When the model is sensitive to small input perturbations: Especially in safety-critical systems, even small changes to the input could lead to inaccurate outputs.
When training time is extremely limited: The process of injecting noise could increase the computational cost and training time when implemented at scale.

Else, noise injection is an useful method to combat moderate overfitting by forcing the model to learn varied versions of the data.
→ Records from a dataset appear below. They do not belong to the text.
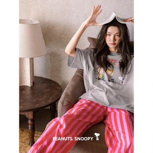 可爱少女大码 贝妍史努比睡衣女夏季 套装 长裤 凉感莫代尔棉短袖
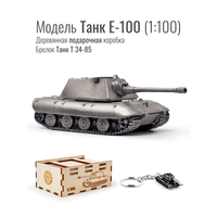 Упаковка - деревянная коробка; Модель Танка Е-100 масштаб 1/100; Брелок Танк Т 34-85
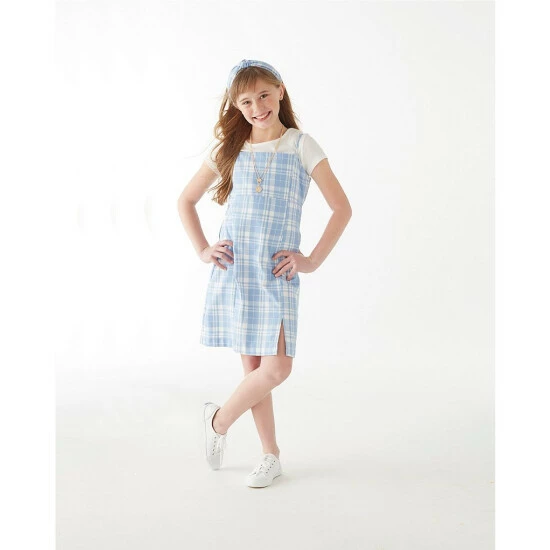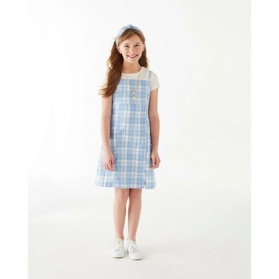 - plaid fabrication jumper dress with square neckline, sleeveless styling, adjustable spaghetti strap and side seam pockets on skirtย
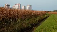 A view of the park showing rural areas near buildings from the outskirt of Milan
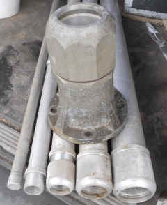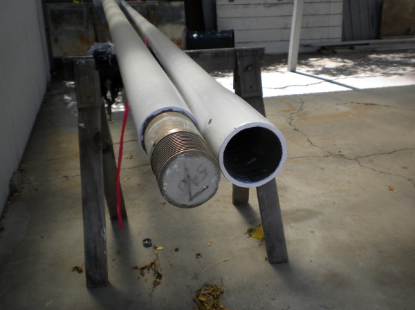 NT-66047 (with one section shortened) The NT-66047 is a 35-ft aluminum whip antenna composed of five equal lengths of 6061-T6 aluminum tube. The lengths are joined together by fitting the adaptor sleeve at the bottom of the upper pieces into the larger diameter lower pieces and securing the joint with a threaded cap and lock nut. |
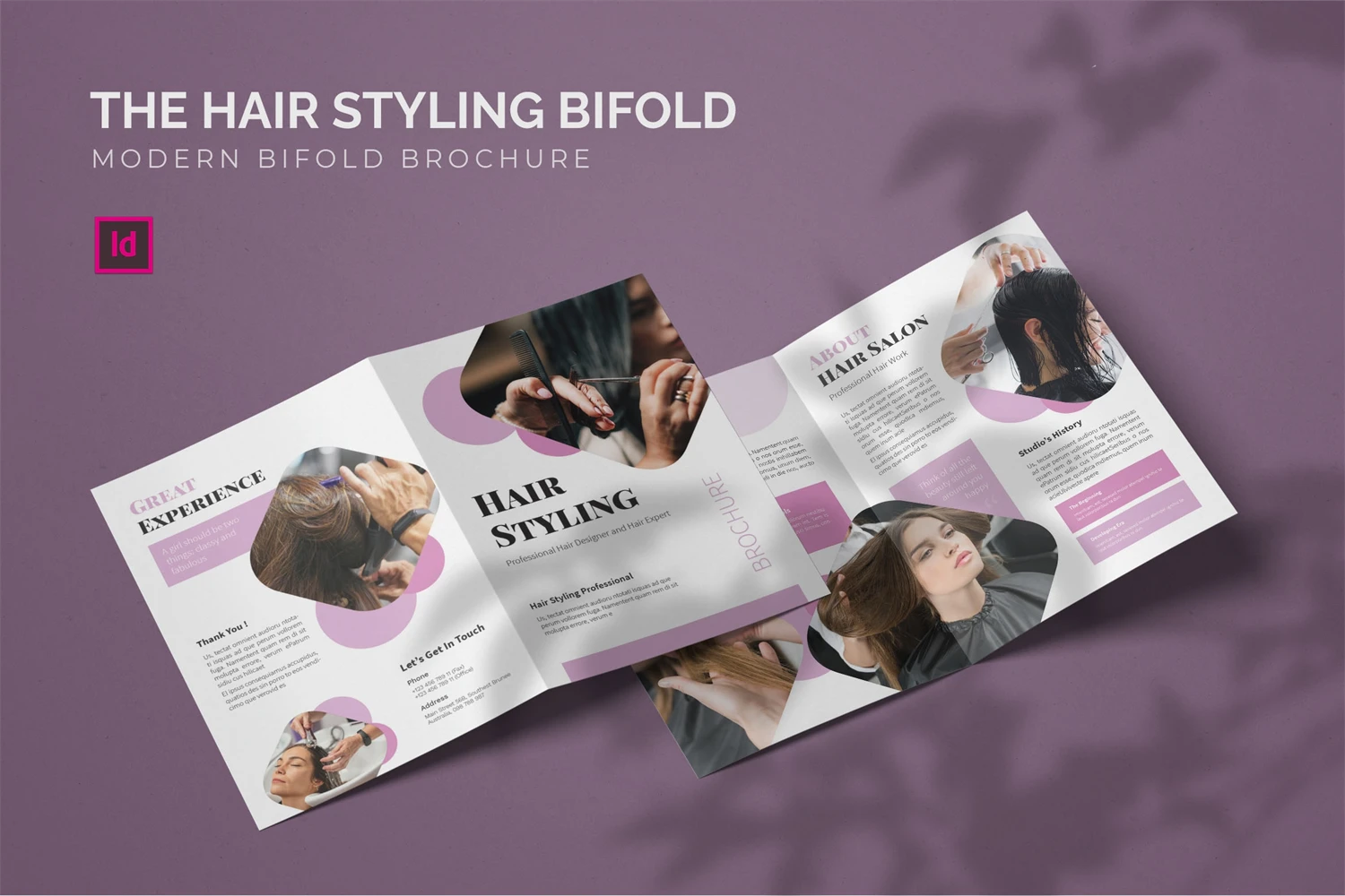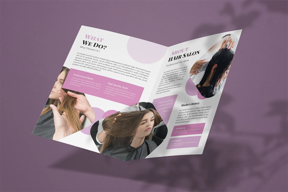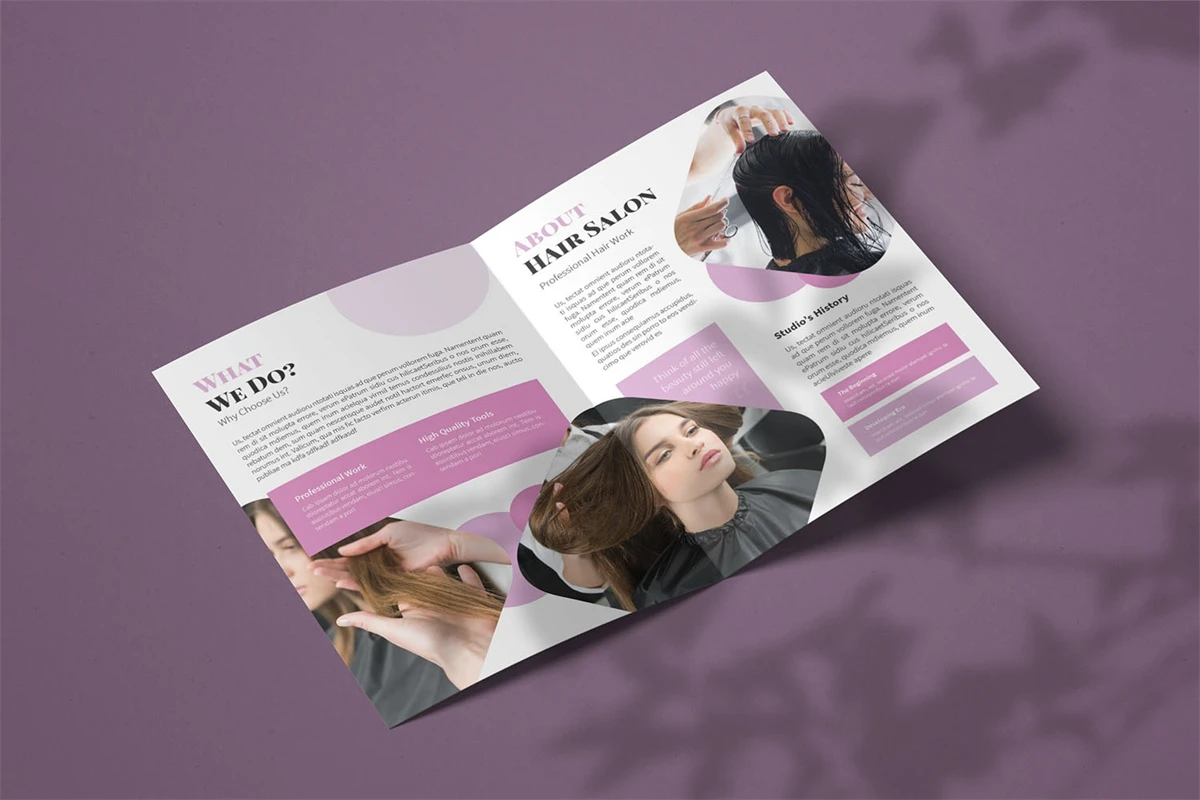 Hair Styling - Bifold Brochure We present this Bifold Brochure for you, simple and very elegant, and this Bifold Brochure is suitable for all types of your business, made with adobe inDesign, very easy to customize, Hope you Like it, dont forget to rate, Thanks.
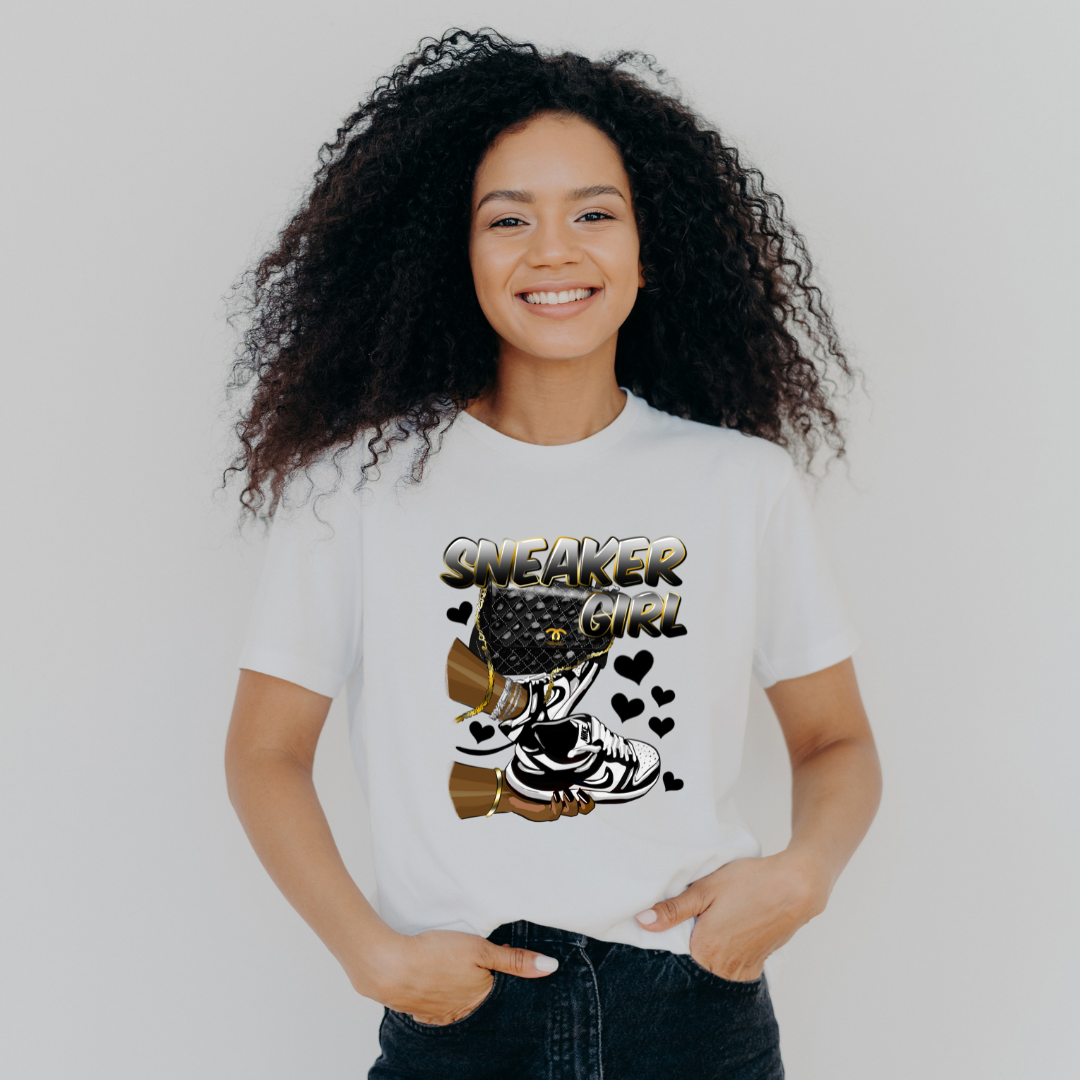 This stylish "Sneaker Girl" shirt is a must-have for any footwear enthusiast. Crafted from soft, breathable cotton, it offers all-day comfort and a relaxed fit that complements any casual outfit. The design features bold, playful typography that proudly proclaims "Sneaker Girl" across the chest, making it a perfect choice for anyone who loves to showcase their passion for sneakers. Available in a variety of colors, this versatile tee can be effortlessly paired with jeans, shorts, or even a trendy skirt, making it an essential addition to your wardrobe. Whether you're heading to a sneaker convention, hanging out with friends, or just lounging at home, this shirt is sure to make a statement and celebrate your unique style.
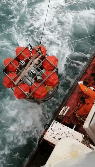 中午11点50分,目标接近船体,观察人员通知准备打捞,此时大家正在餐厅吃午饭,听到号令,大家纷纷往嘴里抢扒几口,匆忙放下碗筷,迅速奔向船尾。记者也迅速赶到船尾的二层甲板上,从左侧的观察孔伸出脑袋,此时目标体正紧挨着船尾的左侧边漂浮。船长进一步校准位置,12点整,船尾正对着两米开外的打捞目标,此时站在船尾甲板上的技术人员迅速甩出带铆爪的绳子,一下子勾住了目标体,众人纷纷使劲往船边上拽。船上的起吊设备也迅速启动,12点10分,在海底工作了一个昼夜的海底海洋要素边界层监测系统终于被打捞上船,所有人长长嘘了一口气。但是,由于风高浪急,海况不佳,为保障海洋地质九号和船上人员的安全,杨源指挥大家割断连接原计划一起打捞上来的铁饼的绳子,放弃打捞,寻找附近港湾避风。原定下午的海试计划也只得放弃。
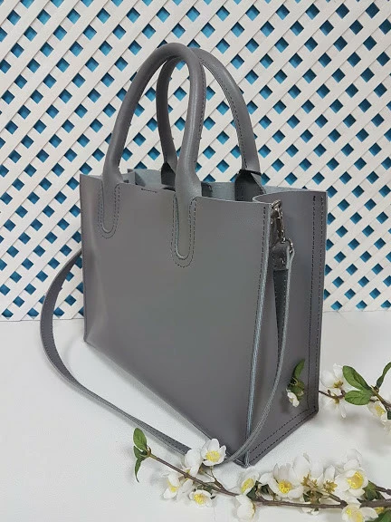 Сумка женская "СОЛО" натуральная кожа, серая матовая
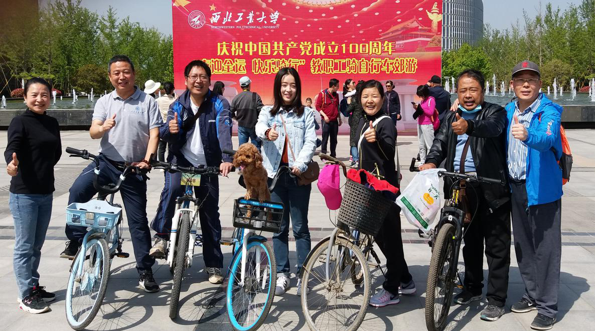教职工参加庆祝中国共产党成立100周年骑自行车郊游活动。
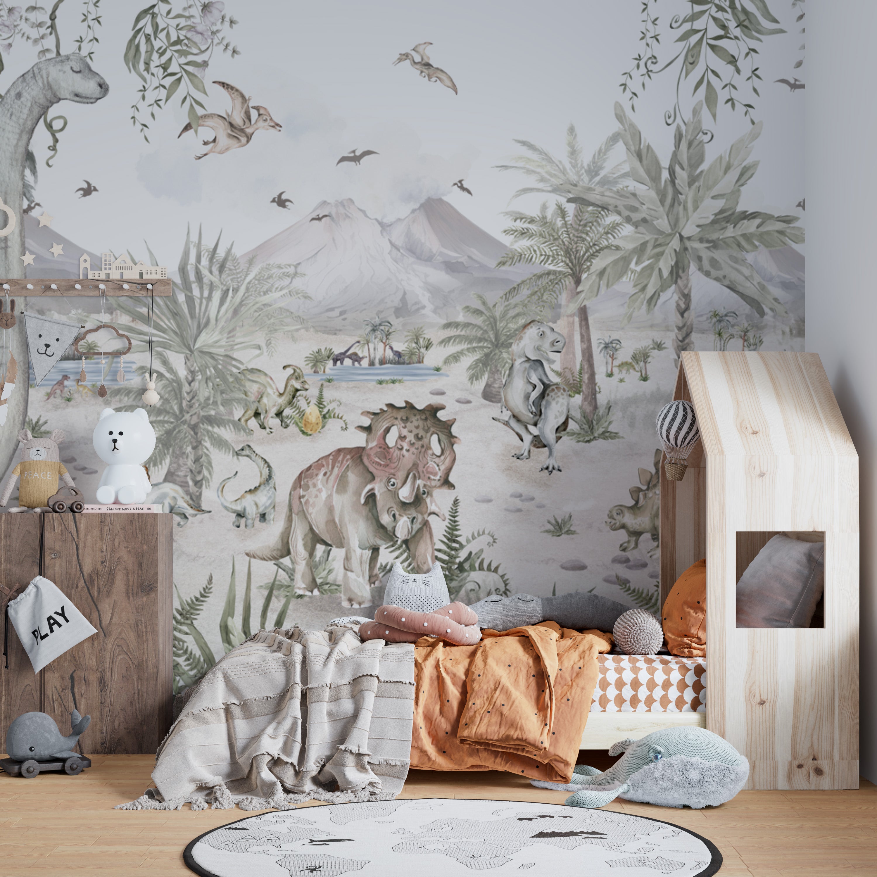The Jurassic dinosaur landscape wallpaper brings a prehistoric world to life with detailed watercolor dinosaurs roaming a lush jungle. Towering Brachiosaurus, fierce Tyrannosaurus, and gentle Triceratops wander through a land of volcanic mountains and tropical plants. Flying reptiles soar above, adding excitement to this dinosaur wallpaper for kids. The muted earthy tones and intricate details create a visually engaging dinosaur landscape mural perfect for young explorers. This Jurassic-era wallpaper mural turns walls into a scene filled with adventure and history, making it ideal for a playroom or bedroom. The realistic design captures the essence of a prehistoric jungle.
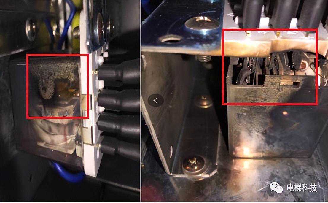 安装单位将电梯应急平层装置串连接入电梯变频器的输入端(见图1),相当于电梯应急平层装置给电梯变频器提供驱动主电源。电梯应急平层装置由继电器做主电源转换,其输出线径为6mm2(图2红色为输出线),而电梯专用电缆为20mm2。由于线径过小,电梯正常运行特别是在满载时由于线路过热,加之继电器设计容量不足,导致继电器烧熔(图3)后,电源输出端端子L1和L2贴粘在一起,短路产生的瞬时高电流致电梯变频器损坏,电梯停止运行,发生困人情况。
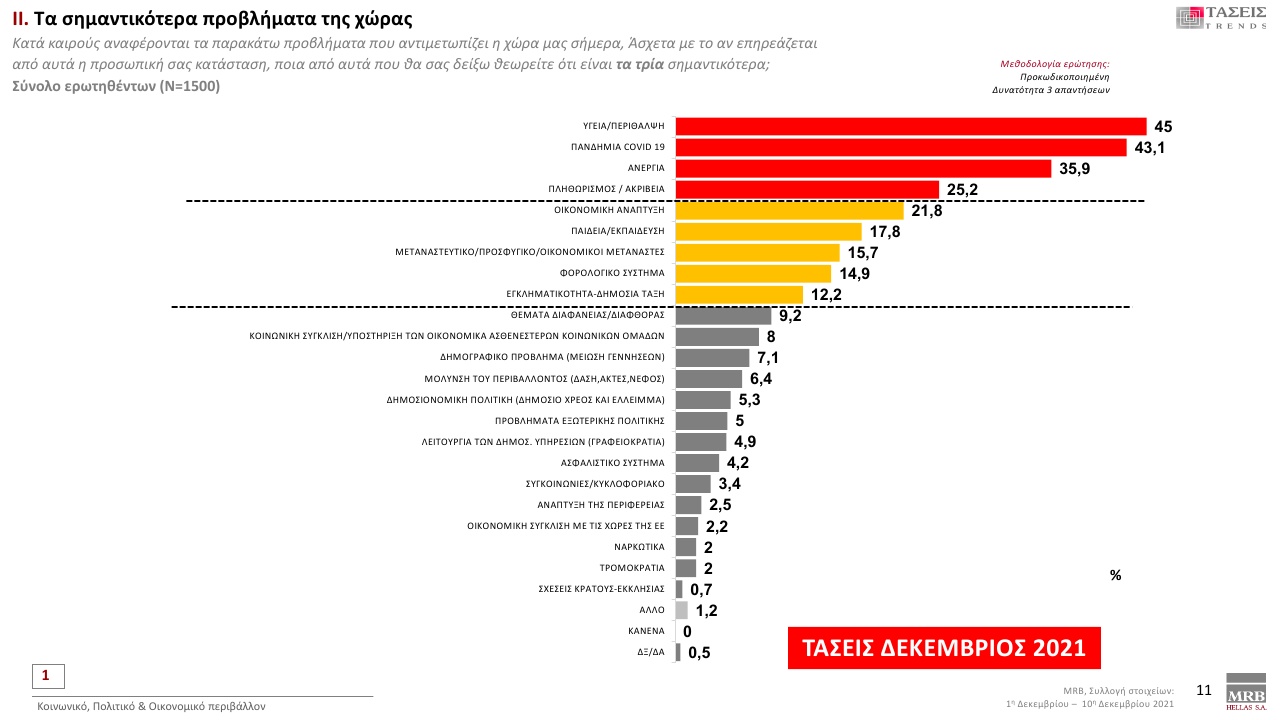Οι πολίτες θεωρούν ότι τα 4 σημαντικότερα προβλήματα της χώρας είναι: υγεία/ περίθαλψη με 45 %, πανδημία Covid 19 με 43,1 %, ανεργία με 35,9 %, πληθωρισμός/ακρίβεια με 25,2 %.
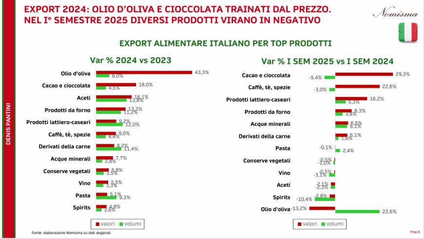Una componente significativa della crescita dei valori export è attribuibile al fattore prezzi: l'olio d'oliva ha registrato l'anno scorso un'impennata del +43% in termini di valore, a fronte di un incremento contenuto del +6% sui volumi. Questa dinamica ha caratterizzato nel primo semestre 2025 anche caffè e cioccolato, settori che hanno risentito dei forti aumenti delle rispettive commodity (+73% e +27%). Sul fronte positivo per le quantità si segnalano lattiero-caseario, bakery e acque minerali, mentre registrano contrazioni vino, aceti e spirits.
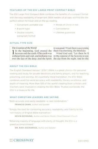 The ESV Large Print Compact Bible combines the benefits of a compact format with the easy readability of larger text.
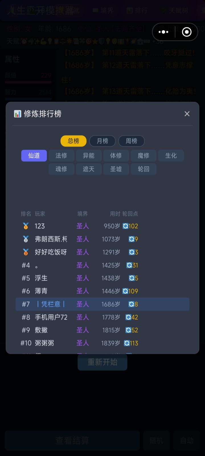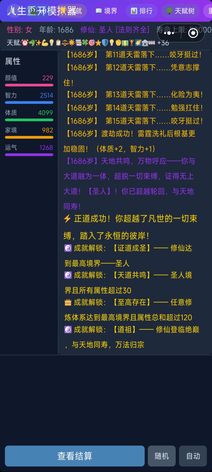 只要突破筑基,后面就是一路绿灯,五百岁到合体,然后又卡了一段时间领悟法则,不过还是满法则通过。刚玩这个游戏没几次,玩完了才发现还能升级技能,啧……还能优化

Now, I’ll explore interpolation methods and SMOTE algorithms in the next section.

Interpolation

Interpolation is a data augmentation technique that expands the underlying data distribution of the original dataset by estimating unknown values between data points randomly chosen from the original dataset.

Because of this estimation process, this method requires the original dataset to be accurate and sufficiently robust.

It’s not suitable for:

Very limited dataset because it cannot estimate new data correctly, or
Noisy datasets as the noise is also expanded to new data, misleading the model.